We can see that the results are not exact each time, but they are similar. I would give exact commentary here, but knitting this markdown will produce a slightly different set of results compared to the one I’m seeing right now.

But as an example, in the current run, one of the clusters has the following LLM annotation across three runs: 1) “Ion channel and membrane transport signaling”, 2) “Cell signaling and membrane transport”, and 3) “Membrane transport and signaling”.
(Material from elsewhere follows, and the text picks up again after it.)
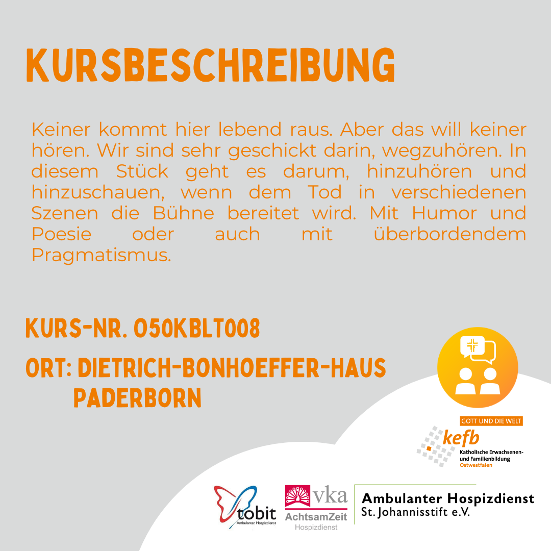 Im Rahmen des Aktionsmonats "Mitten im Leben - Abschiede gestalten" in Kooperation mit dem Ambulanten Hospizdienst Tobit, dem Ambulanten Hospizdienst St. Johannisstift e.V. und dem VKA AchtsamZeit Hospizdienst.

So you can see that perhaps ion channels matter here, but that’s only mentioned in one of the annotation runs. This suggests that perhaps this cluster is too broad, and we need to cluster again with higher resolution.

Discussion

The problem I solved above is a subset of a much bigger problem that really started with the beginning of the -omics era: what do I do with all this data?

It used to be that the more data you had, the better. I remember this to be the case in the first biology lab I worked in, where experiments were primarily western blots and 2-color immunofluorescence (not including DAPI). But now, every experiment gives you a firehose of data.

The problem of what to do with DEGs has been around since the beginnings of bulk RNA-seq (though it is still an issue for single-cell). I remember first seeing a talk where GO terms were used and still being overwhelmed by them.

This markdown presents two solutions that are now possible with the advent of AI, and particularly the transformer.

The first of these solutions is producing an embedding of gprofiler terms and visualizing the embedding on an interactive UMAP (or whatever dimension reduction method is popular at the time the reader sees this). We were able to do this here using the sentence-transformers python package to produce the embeddings, and plotly to view the UMAP. We note that an important piece here was the use of the reticulate package to run python within R.

The second of these solutions is using the LLM chatbots to annotate the clusters in terms of a theme that underlies the terms in a given cluster. An important solution here is the development of a command line chatbot using API calls to a LLM (which again I talk about here), and in turn calling that directly within R and saving the results as strings. This automates the LLM calls so the user doesn’t have to stop the pipeline, run the LLM prompt, copy/paste the answer, and so forth.

I will note here that a lot of the work on single-cell foundation models involve the development of embeddings as well, so there is a theme here that the reader should be aware of. For more on that, have a look at my work on the Universal Cell Embeddings (UCE) model, here.

Zooming out, this markdown provides solutions for making large amounts of textual output readable using a model that converts the output into embeddings, using python in R, calling a LLM directly within R and storing that output as a R object without user intervention, and making interactive plots to visualize all of the above.

Hopefully, this markdown will help the user solve the continual “I’m overwhelmed by all of these data” problem, and more quickly convert their data into actionable insights.